RogerBW's Blog

Computers at the V&A 07 November 2018

The Victoria and Albert Museum was having two computer-related exhibitions. Images follow: cc-by-sa on everything.

The first was Chance and Control: Art in the Age of Computers, which was mostly early computer art from the 1960s and 1970s. Of particular relevance was Cybernetic Serendipity, a show at the ICA in 1968; the V&A bought many of the static pieces when that show closed.

Manfred Mohr's P-122, P-155, P-049 and P-021, exploring shapes derived from the cube.

Andy Lomas' Cellular Form 170070025 based on a cell growth simulator.

Rather more recent, Mark Wilson's e4708, with a surprising depth to it.

Then it was on to Videogames: Design/Play/Disrupt, which was largely about the design process, but (given that it's the V&A) on an entirely non-technical level. It was definitely aimed more at artists than at people who knew anything about video games (with a certain defensive "video games can be art too" feel about it which everyone else accepted at least ten years ago). That said, it did a good job of presenting the artistic side.

Storyboard for Journey

Avatar clothing, and merchandising, for Splatoon.

Surprisingly physical design tools (they were very reluctant to show anything like computer-based design).

The overall layout of the main room, with mesh screens dividing the areas.

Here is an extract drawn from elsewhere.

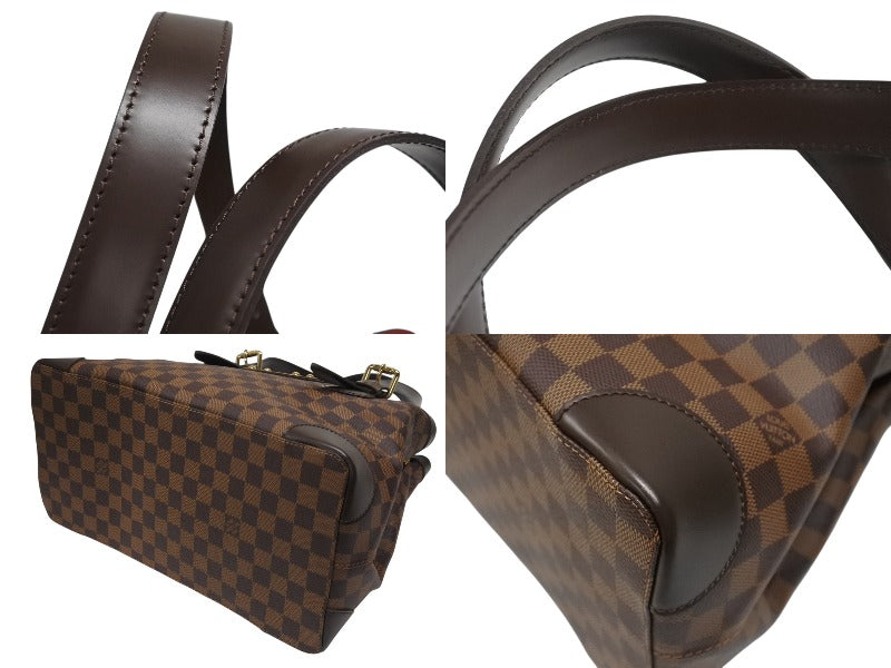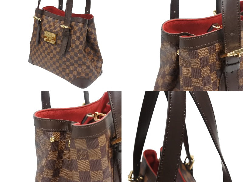 極美品 LOUIS VUITTON ルイヴィトン ハムステッドMM トートバッグ N51204 ダミエ エベヌ ブラウン レザー PVC 中古 4b006619

The exhibition continued with a small display on political implications (very basic, and mostly mentioning the good stuff rather than the endless stream of "blow away non-white people" shooters), and a large screen with a loop of various things inspired by games (fan art, massive organisations within games that arose spontaneously rather than being enforced by the code, etc.).

A driving simulator based on an actual wrecked car.

And of course the inevitable post-display shop.